Lucy cannot help but slump under the weight of the sentiment.

Robert waits patiently for the return of her gaze, bringing with it the resolution that they both need. He is not disappointed when she gives it—

The
crack
of wood snapping on the forest floor abruptly ends the moment, with Robert immediately on his feet, scanning the tree line about them. Silence.
A falling branch, perhaps?

Something makes a move, crashing through the undergrowth. Robert finds it—an upright figure heading away from them. He bounds into the shrubbery after it, pushing through the foliage with ease, enough to gain on the invader, only to then lose sight of him—or her.

He halts his pursuit to listen. Nothing.


Robert?

Lucy calls out from the path. “
What’s happening?

It’s enough to quell his confounded exasperation and he makes to head back.

A
crunch
of twigs betrays his quarry’s hiding place.

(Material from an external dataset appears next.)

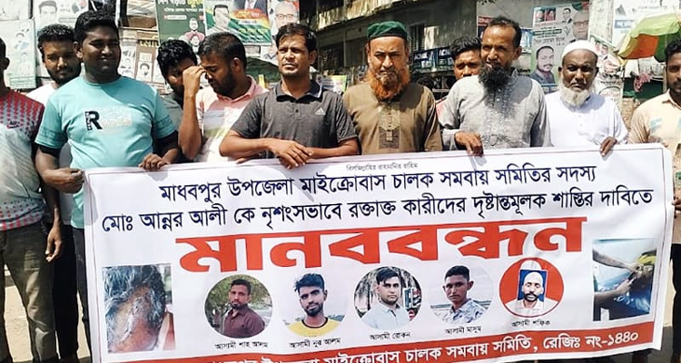 মাধবপুরে চালকের উপর হামলা, আসামিদের গ্রেপ্তার ও বিচারের দাবি

Before he can complete the turn to locate it, a barely discernable figure launches out from a dense patch of shrubbery, knocking him off his feet. He grabs at anything his hands might find—they find a clothed arm, the grip bringing his assailant down to the ground with him, the resulting tussle revealing a degree of strength that Robert is unable to overcome, his pawing hands finding only a garment that seemingly covers the individual from head to toe, tailored to their frame, but not slim fitting—folds of a luxuriant gray fabric that seemingly offer a means of purchase, but which is somehow slippery.

A
grunt
as they break free from his grasp.
A woman? Ramani?

Robert scrabbles about to regain some grip, but she is gone.

He hauls himself up, brushing off the dirt.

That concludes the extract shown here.